Tudo foi colocado na mesa, assim como as canecas azuis. Daí a pouco entrou o marido Marcolino, alto e magro, chapéu na cabeça e roupas de trabalho, preparado para mais um dia de labuta na roça. Sentou-se no banco enorme de madeira e se serviu de café. Donana também se sentou, ela podia ter muito serviço, mas tomava café junto ao seu marido antes que as crianças acordassem e a trabalheira começasse. Ele sorveu o café, comendo um pedaço de broa com queijo, mastigando devagar; levantou-se após terminar, recolheu a matula preparada por ela e saiu em busca do cavalo que lhe serviria de companhia nos trabalhos do dia, refazendo a cerca da propriedade. Arreada a montaria, montou e partiu a trote, acenando para a esposa.

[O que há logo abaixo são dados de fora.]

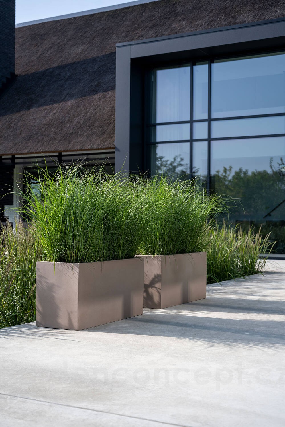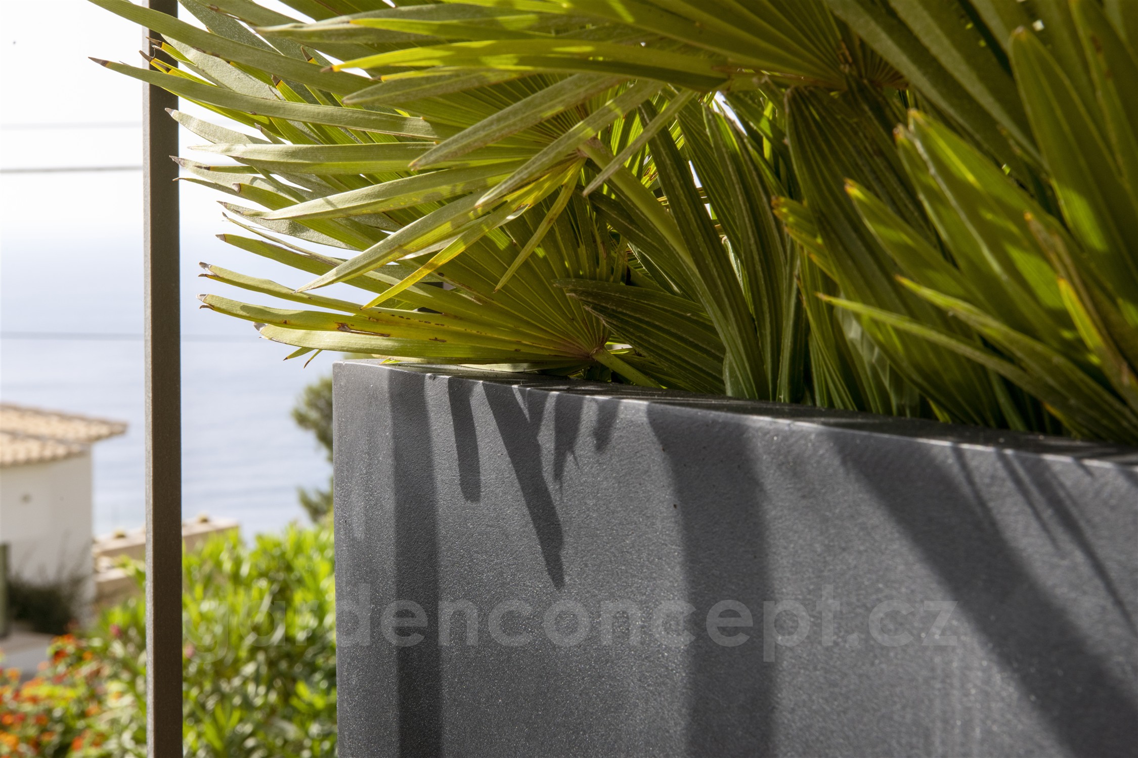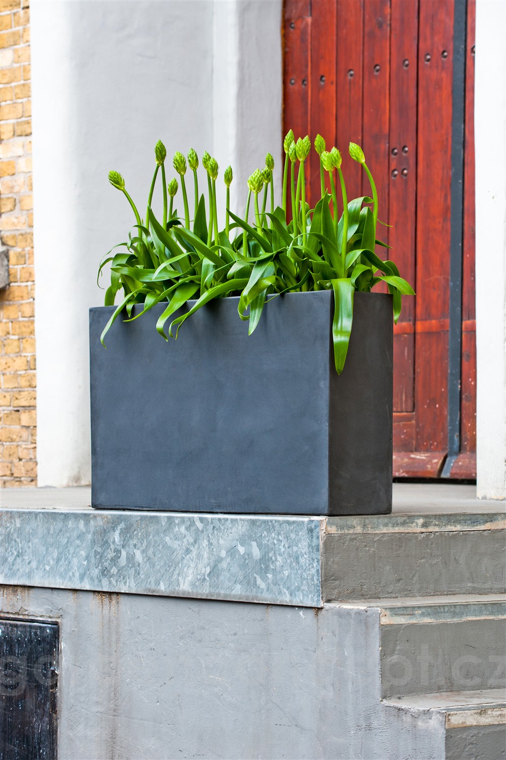 Oblíbené venkovní obdélníkové kompozitní květináče - truhlíky v různých rozměrech.

A mulher respondeu ao aceno e foi ao quarto pegar o menorzinho que chorava ao acordar. Trocou a fralda, colocou-o para mamar enquanto chamava os mais velhos para se prepararem, tinham que ir para a escola. Ana, José, Joaquim e Terezinha se aprontaram depressa, a irmã mais velha comandava os outros, deviam caminhar depois do café até o grupo escolar, que ficava após o morro, na entrada da vila.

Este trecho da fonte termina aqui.